* The task:
When you reach the line containing "Engage in heartfelt", begin reproducing the material exactly, stop after the line containing "Soi kèo tài xỉu, kèo tỷ số Ba Lan vs Mexico", and leave out any pictures along the way.

* Task data:
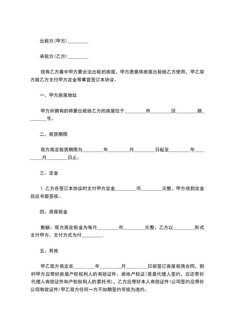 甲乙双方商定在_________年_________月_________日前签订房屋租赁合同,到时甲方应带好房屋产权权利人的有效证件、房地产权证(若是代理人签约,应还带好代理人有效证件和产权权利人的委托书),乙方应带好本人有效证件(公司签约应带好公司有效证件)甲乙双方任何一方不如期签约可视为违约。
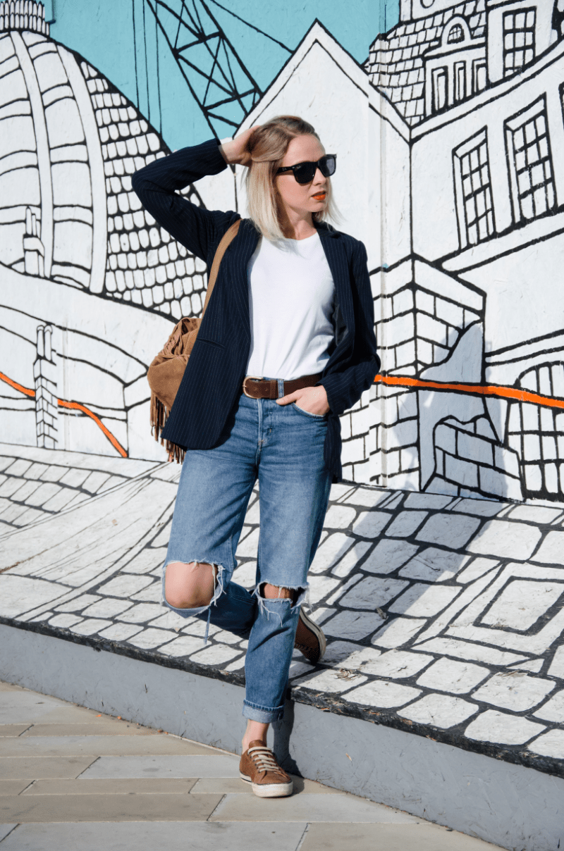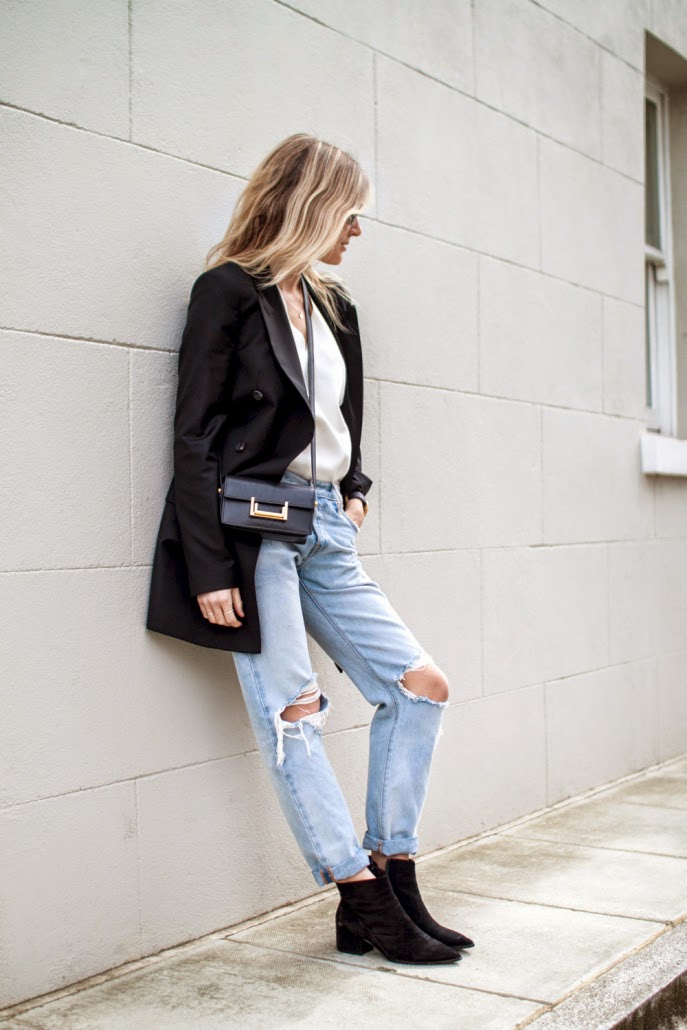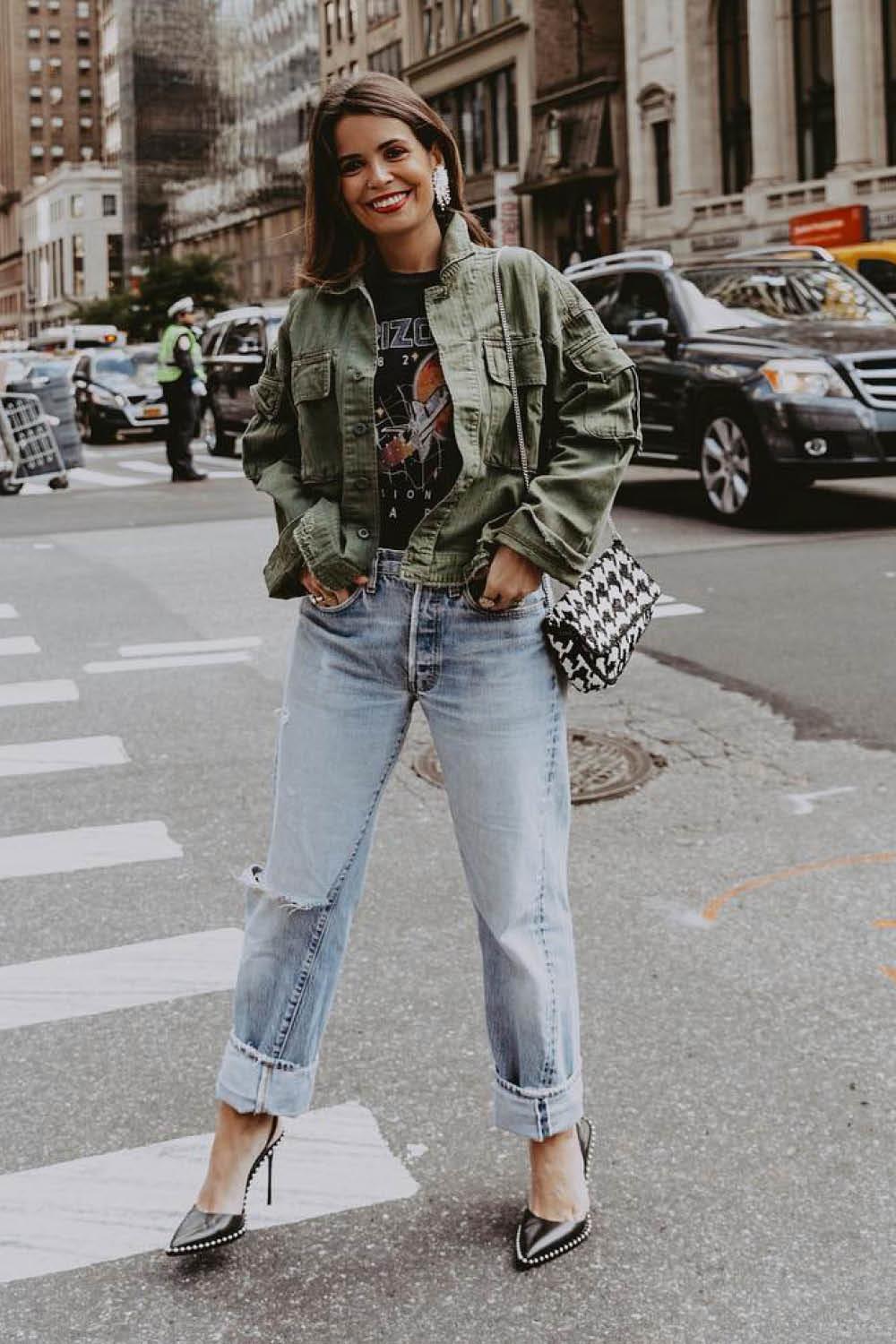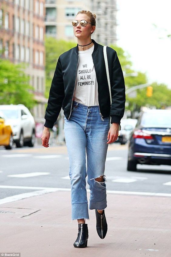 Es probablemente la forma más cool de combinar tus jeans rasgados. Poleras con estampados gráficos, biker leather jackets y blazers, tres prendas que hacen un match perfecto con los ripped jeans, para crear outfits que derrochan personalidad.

--

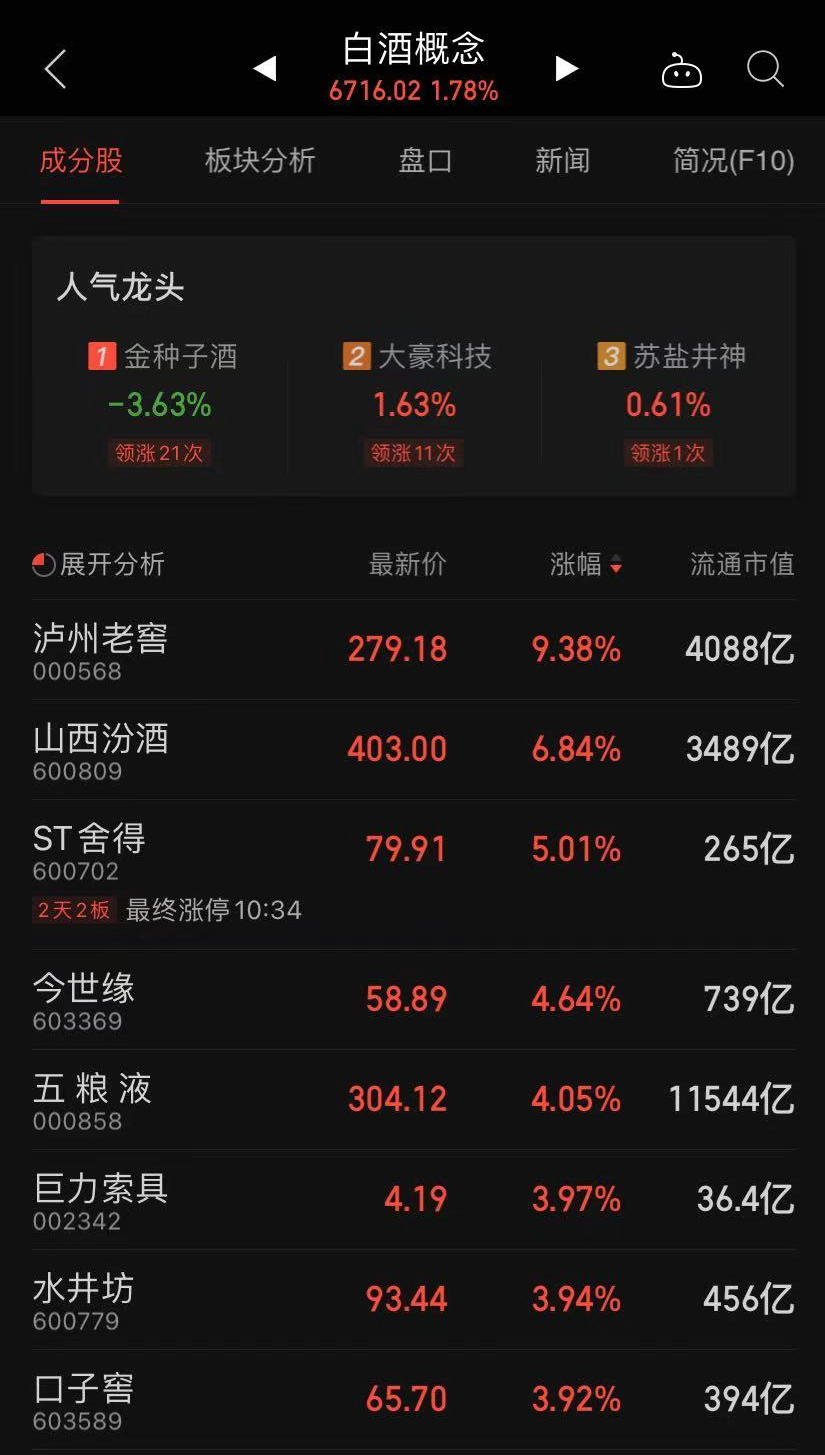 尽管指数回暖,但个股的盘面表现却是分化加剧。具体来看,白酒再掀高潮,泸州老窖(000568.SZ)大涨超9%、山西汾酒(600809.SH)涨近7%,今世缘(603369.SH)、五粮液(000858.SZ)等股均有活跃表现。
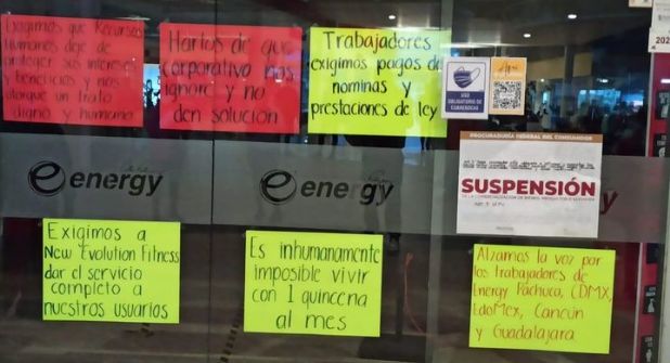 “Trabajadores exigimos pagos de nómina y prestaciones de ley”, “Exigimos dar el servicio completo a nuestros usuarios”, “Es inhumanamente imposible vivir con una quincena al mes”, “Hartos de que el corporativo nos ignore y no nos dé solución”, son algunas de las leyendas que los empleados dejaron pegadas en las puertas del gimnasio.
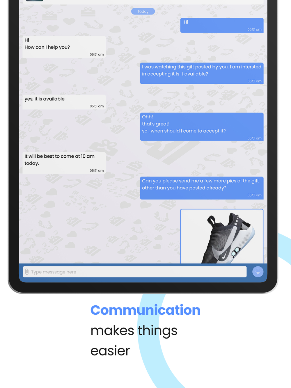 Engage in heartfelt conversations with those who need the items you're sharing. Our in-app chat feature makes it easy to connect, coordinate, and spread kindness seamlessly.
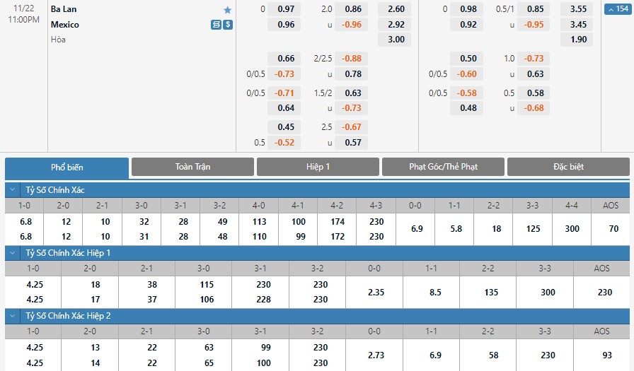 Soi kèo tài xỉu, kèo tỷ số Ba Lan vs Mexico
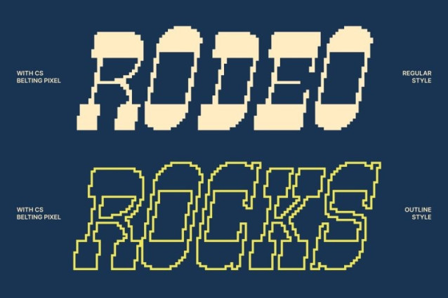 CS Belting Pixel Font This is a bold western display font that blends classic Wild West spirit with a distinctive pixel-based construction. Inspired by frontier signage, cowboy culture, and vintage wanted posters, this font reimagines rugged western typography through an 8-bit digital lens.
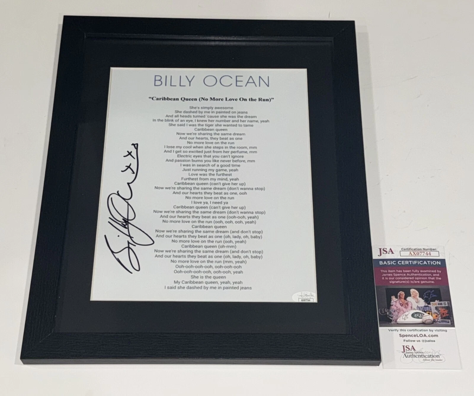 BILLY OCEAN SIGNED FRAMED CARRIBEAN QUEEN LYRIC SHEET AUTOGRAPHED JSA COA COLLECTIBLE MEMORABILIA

==

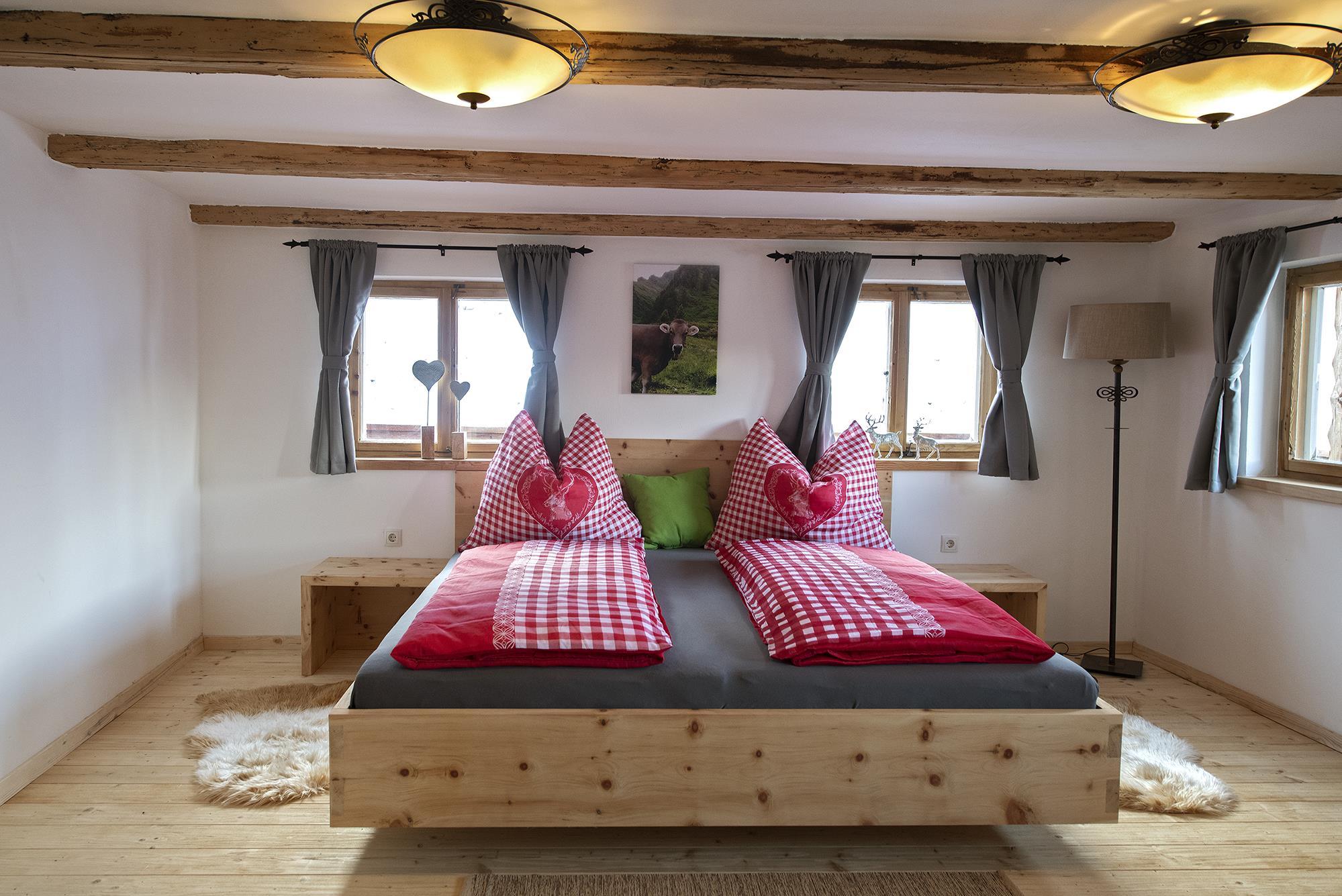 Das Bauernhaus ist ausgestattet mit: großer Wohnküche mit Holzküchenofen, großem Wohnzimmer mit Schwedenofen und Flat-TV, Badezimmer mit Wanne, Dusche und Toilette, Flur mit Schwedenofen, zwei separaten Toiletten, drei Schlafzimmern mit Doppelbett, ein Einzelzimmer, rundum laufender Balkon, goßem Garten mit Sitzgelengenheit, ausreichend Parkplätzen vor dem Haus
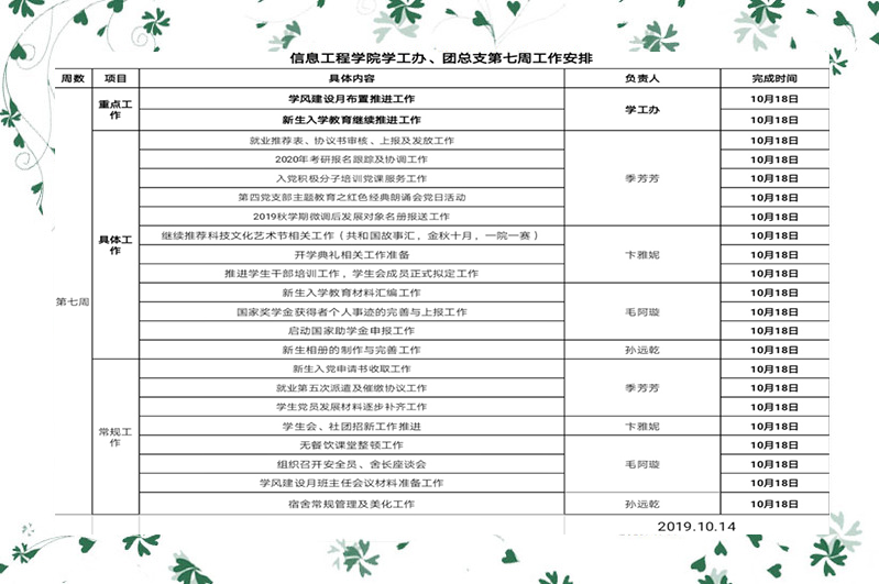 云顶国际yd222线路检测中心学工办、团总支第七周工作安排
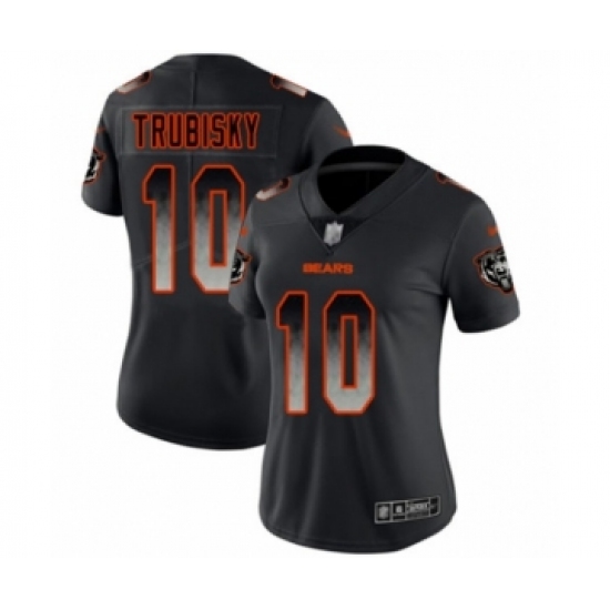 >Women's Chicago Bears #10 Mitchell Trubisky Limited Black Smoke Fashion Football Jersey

* Output of the task:
 Engage in heartfelt conversations with those who need the items you're sharing. Our in-app chat feature makes it easy to connect, coordinate, and spread kindness seamlessly.
 Soi kèo tài xỉu, kèo tỷ số Ba Lan vs Mexico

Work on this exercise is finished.